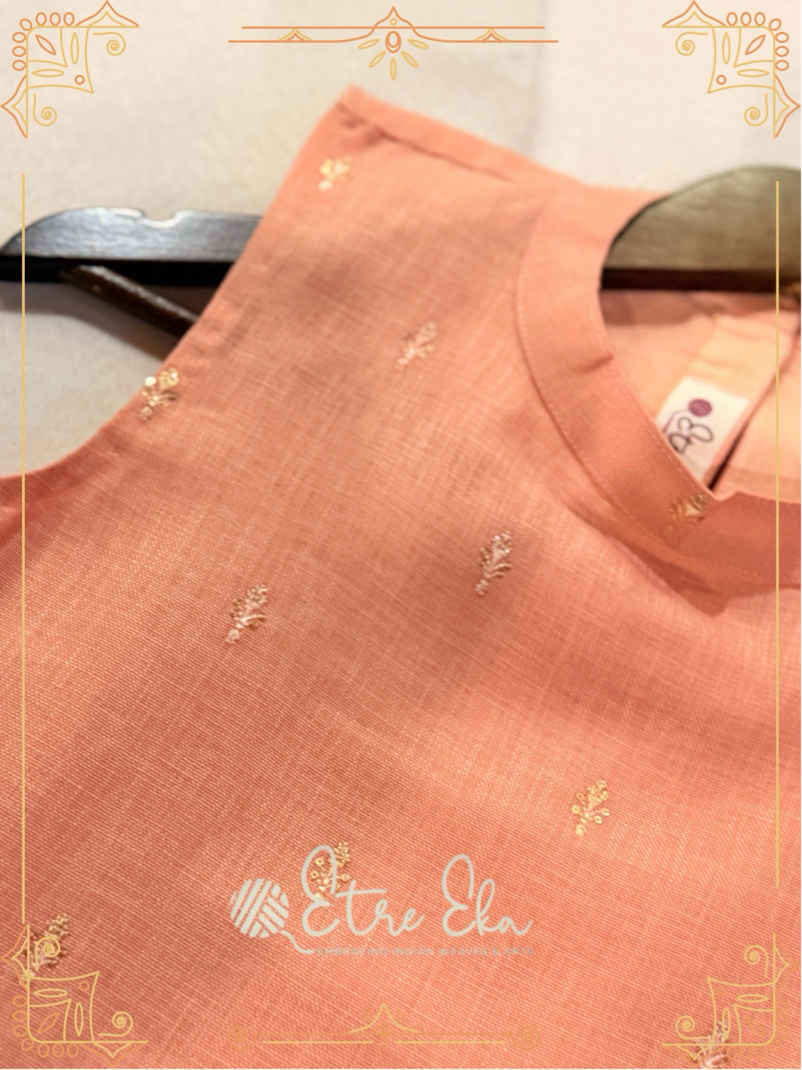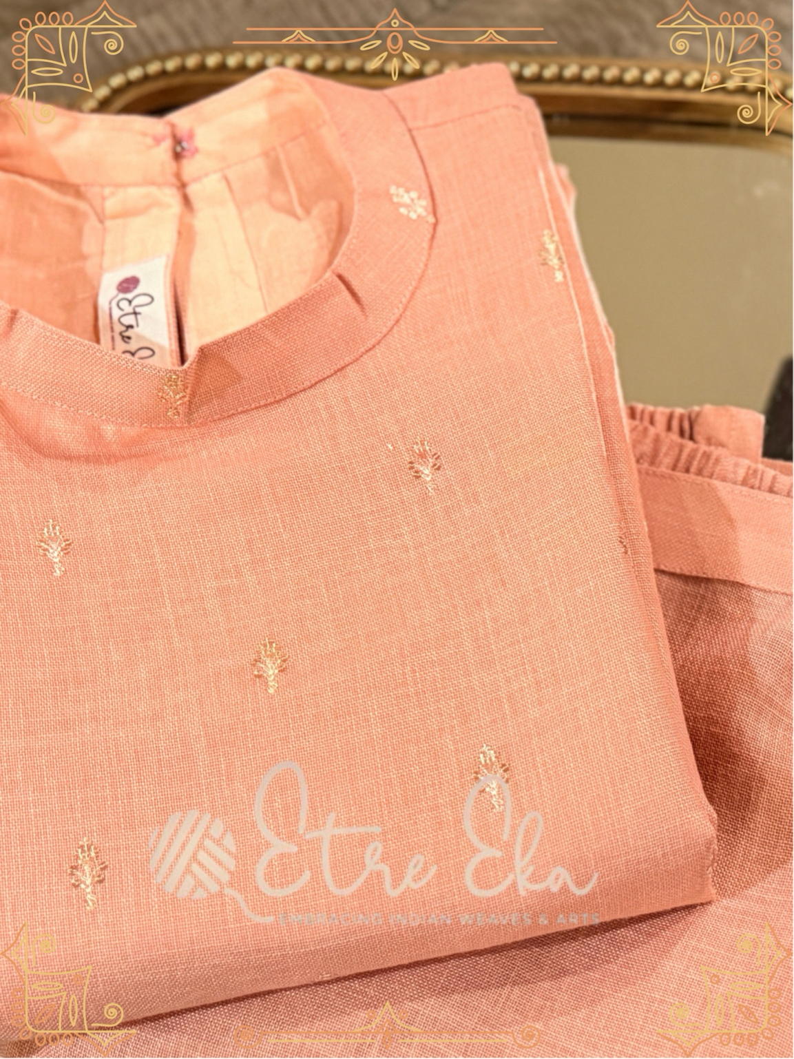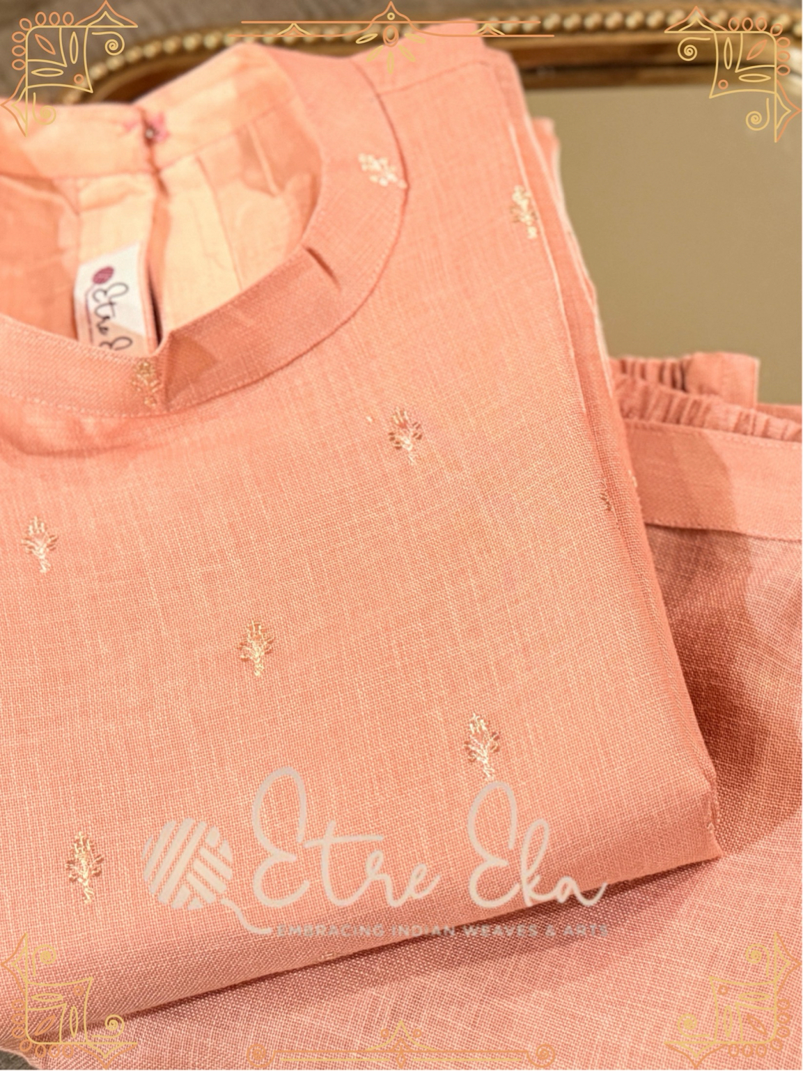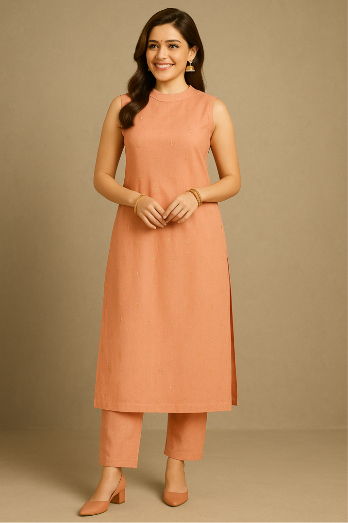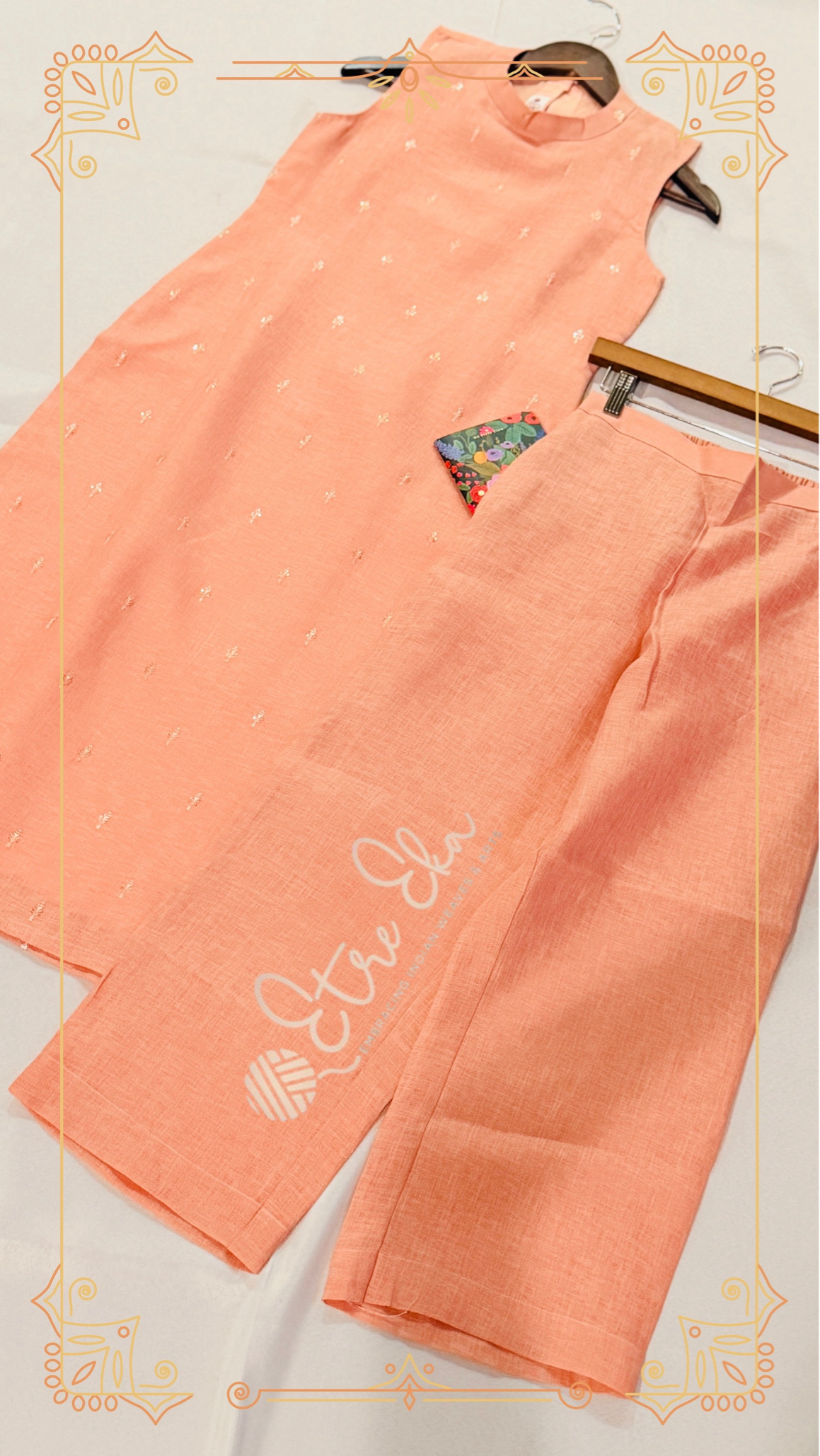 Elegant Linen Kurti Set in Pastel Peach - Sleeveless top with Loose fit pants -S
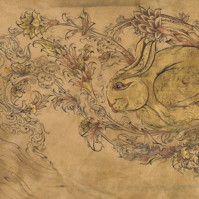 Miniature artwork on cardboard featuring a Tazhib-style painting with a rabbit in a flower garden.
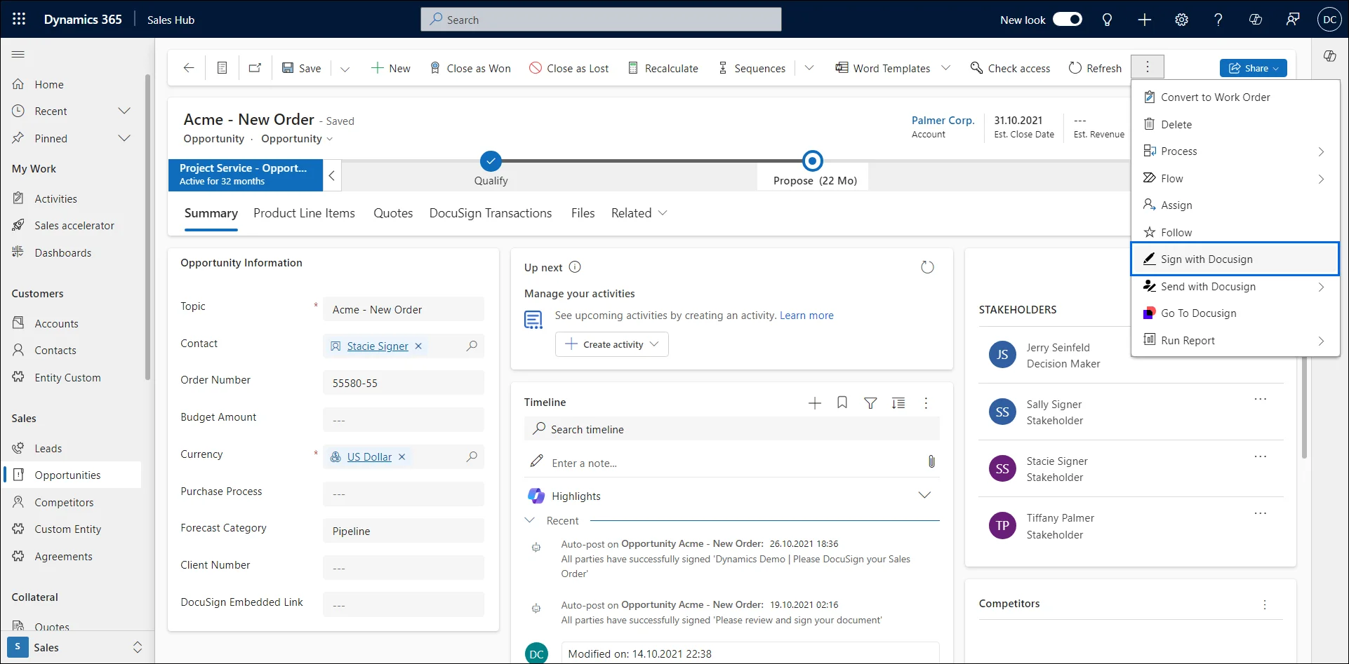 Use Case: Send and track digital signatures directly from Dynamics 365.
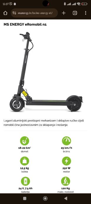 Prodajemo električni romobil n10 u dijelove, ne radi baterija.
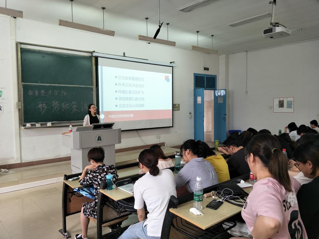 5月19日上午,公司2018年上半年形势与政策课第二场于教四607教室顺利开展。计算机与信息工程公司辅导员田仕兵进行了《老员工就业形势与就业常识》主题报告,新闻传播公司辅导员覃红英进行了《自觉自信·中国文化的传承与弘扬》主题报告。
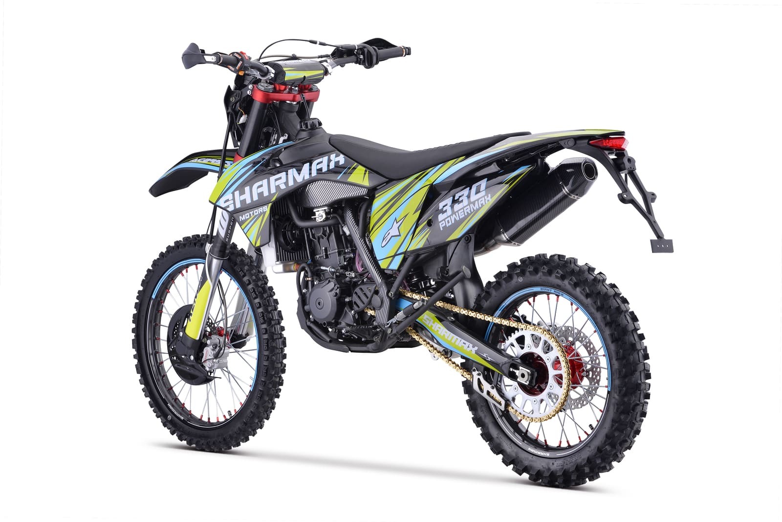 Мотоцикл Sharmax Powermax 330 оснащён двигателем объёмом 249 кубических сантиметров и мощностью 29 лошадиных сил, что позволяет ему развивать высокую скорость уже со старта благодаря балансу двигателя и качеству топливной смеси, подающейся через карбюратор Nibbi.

> _Work task_
What you return should be only the exact lines from the top of the entries through the line with "5月19日上午,公司2018", minus the pictures.

> _Answer to this task_
 Elegant Linen Kurti Set in Pastel Peach - Sleeveless top with Loose fit pants -S
 Miniature artwork on cardboard featuring a Tazhib-style painting with a rabbit in a flower garden.
 Use Case: Send and track digital signatures directly from Dynamics 365.
 Prodajemo električni romobil n10 u dijelove, ne radi baterija.
 5月19日上午,公司2018年上半年形势与政策课第二场于教四607教室顺利开展。计算机与信息工程公司辅导员田仕兵进行了《老员工就业形势与就业常识》主题报告,新闻传播公司辅导员覃红英进行了《自觉自信·中国文化的传承与弘扬》主题报告。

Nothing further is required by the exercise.